The public key in public-key encryption is genuinely public. Any user can broadcast their public key to the world for any other user to consume. Although this approach is very convenient, it has a significant weakness: any user can forge such a public announcement.
For example, an attacker can pretend to be Bob and send a public key to Alice. When she goes to send a message to the real Bob using the imposter's key, the attacker can intercept and decrypt the message. If Bob discovers that an attacker is forging his identity, he can send Alice his real public key, but a better solution to the problem is one that prevents the forgery in the first place.
Bob can prevent the forgery by obtaining a public key certificate from a certification authority (CA). Bob can contact the CA and provide them with his authentication information, such as his driver's license or his user id, as well as his public key.
The CA then constructs Bob's certificate using his identification, his public key, and some other information, such as the period of validity for the certificate.

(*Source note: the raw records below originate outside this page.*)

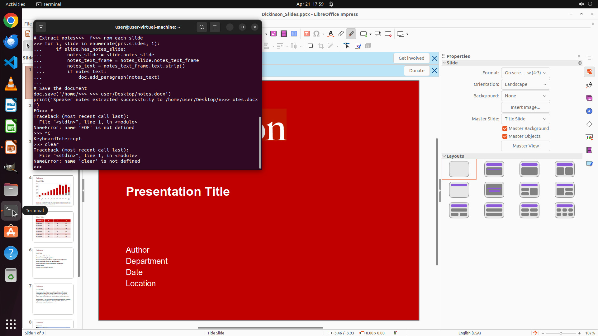 - 文件路径似乎是 /home/user/Desktop/Dickinson_Slides.pptx
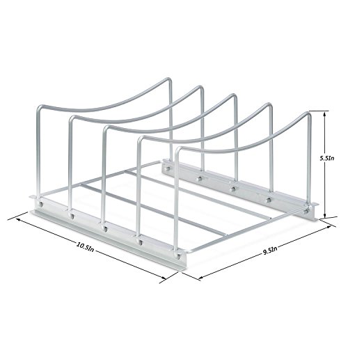 ProAid Pot and Pan Organizer Rack 4 Compartments Design Lid Pan Rack Organizer Kitchen Cabinet Pantry Rack and Cookware Holder, Silver
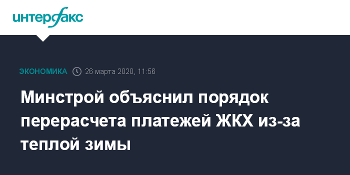 Минстрой объяснил порядок перерасчета платежей ЖКХ из-за теплой зимы

Finally, the CA hashes and signs this information with their private key and then appends this hash to the certificate.
Now Bob can send his public key certificate to Alice. When Alice receives the certificate, she can extract the key as well as the information about Bob and the certificate itself. Alice can then hash the certificate and use the CA's public key to decrypt the signed, appended hash. If the two hashes match, she can be sure that no one has tampered with the certificate.
The underlying assumption is that the CA is a trusted party by everyone involved. In practice, the CA is a well-known company, such as VeriSign, Microsoft, Google, or Apple. Their public keys are already in your software - such as your browser - so they can automatically validate certificates that they have signed.
Public-key encryption is typically used to establish a symmetric key, which is then used to encrypt subsequent communications amongst parties.
Suppose Alice and Bob wish to communicate securely.
Alice first creates a random symmetric key that she wants to share with Bob and encrypts her message to Bob using this key. She then encrypts the symmetric key with Bob's public key and transmits a digital envelope containing both the message and the encrypted key to Bob.
When Bob receives the envelope, he can use his private key to decrypt the encrypted symmetric key. With the decrypted key in hand, he can decrypt the actual message from Alice.